Since the enactment of the Uniform Code of Military Justice (UCMJ) we have had episodic experience with courts-martial in combat situations. They were common in Vietnam but for many years after the withdrawal of U.S. forces from Vietnam, there were sections of the UCMJ and corresponding portions of the Manual for Courts-Martial that lay dormant. A large scale deployment made those dusty sections relevant quickly. Even in a highly disciplined and all volunteer force, there are situations that must be addressed to ensure discipline throughout the force. In 1990, during Desert Shield and Desert Storm, courts-martial were conducted near the front lines on the eve of the assault into Iraq.5 Courts-martial also addressed criminal misconduct in Panama and Haiti for situations that undermined military command authority and the law of armed conflict.6 In more recent years, courts-martial were routine in Iraq and Afghanistan and frequently involved either unique military offenses or scenarios that only arise in combat.
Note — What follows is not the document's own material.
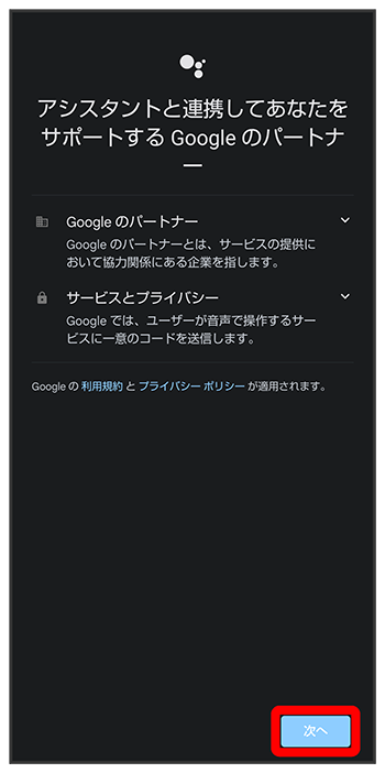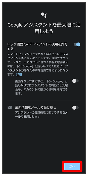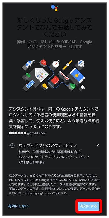 Google アシスタント機能がONに設定されます。

Therefore, it is imperative that we can deploy fully formed military justice resources so that commanders have all options available when incidents of criminal misconduct occur.
Part of the wisdom for a judge advocate, and especially a staff judge advocate, is to realize how and where discipline, command authority, the warrior ethos, mission accomplishment, and military justice intersect. This unique practice of law is only accomplished by judge advocates—criminal trials during combat. As we contemplate the new National Defense Strategy and we train for potential confrontations between peer and near-peer opponents, we must ensure that we will always be ready to deliver premier military justice wherever we may be called upon to do our mission. TAL
1. Philip Sheldrake, The Business of Influence: Reframing Marketing and PR for the Digital Age 153 (Chichester: Wiley 2011) quoting Miles Kington.
2. Frederic L. Borch, Judge Advocates in Combat: Army Lawyers in Military Operations from Vietnam to Haiti 190 (2001) [hereinafter Judge Advocates in Combat]. Describing two courts-martial from 1st Armored Division. One involved the deliberate injury of a Soldier who shot himself to get returned to Germany; the other involved disobedience and other offenses by a Soldier who had claimed conscientious objector status.
3. U.S. Dep’t of Army, Pam 600-4, The Soldier’s Blue Book para. 10-4 (23 June 2017).
4. Judge Advocates in Combat, supra note 2.
6. Judge Advocates in Combat is replete with stories and anecdotes of military discipline issues that arose quickly following deployment orders or the onset of the mission in theater. Id. Describing a court-martial for a Soldier who shot himself to avoid combat. Id. at 224. Describing the actions of Captain Rockwood and his defiance of orders. Id. at 247. Describing the court-martial of Captain David Wiggins for inter alia disobeying orders and conduct unbecoming an officer. Describing the court-martial of a specialist who publicly attempted to solicit Soldiers to go AWOL and avoid service after being activated out of the Louisiana National Guard. Id. at 190. Describing civilian deaths in Somalia that resulted in courts-martial. Id. at 212-214.